▸ **Provided data**
*** Begin section ***

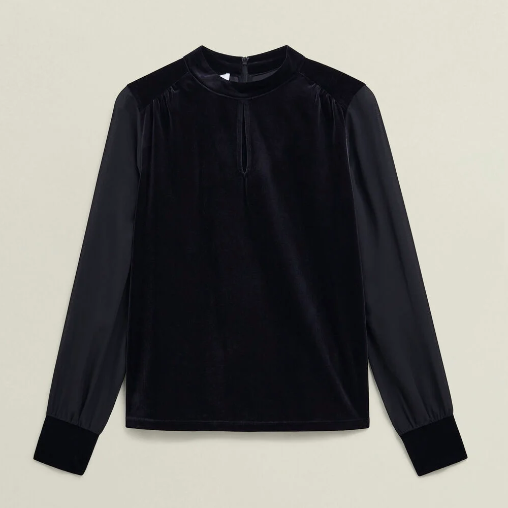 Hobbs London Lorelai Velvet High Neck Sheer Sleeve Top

*** End section ***
*** Begin section ***

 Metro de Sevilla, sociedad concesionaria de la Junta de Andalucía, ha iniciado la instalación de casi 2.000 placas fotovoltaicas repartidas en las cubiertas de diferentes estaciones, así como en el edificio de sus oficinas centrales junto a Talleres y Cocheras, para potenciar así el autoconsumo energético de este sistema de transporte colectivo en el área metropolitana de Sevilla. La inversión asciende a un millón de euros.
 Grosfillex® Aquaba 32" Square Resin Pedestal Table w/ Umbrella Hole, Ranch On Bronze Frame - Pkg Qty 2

*** End section ***

▸ **Exercise directions**
Return only the lines between the one holding "Metro de Sevilla, sociedad" and the one holding "- Pkg Qty 2", inclusive, exactly as they appear above.

▸ **Task result**
 Metro de Sevilla, sociedad concesionaria de la Junta de Andalucía, ha iniciado la instalación de casi 2.000 placas fotovoltaicas repartidas en las cubiertas de diferentes estaciones, así como en el edificio de sus oficinas centrales junto a Talleres y Cocheras, para potenciar así el autoconsumo energético de este sistema de transporte colectivo en el área metropolitana de Sevilla. La inversión asciende a un millón de euros.
 Grosfillex® Aquaba 32" Square Resin Pedestal Table w/ Umbrella Hole, Ranch On Bronze Frame - Pkg Qty 2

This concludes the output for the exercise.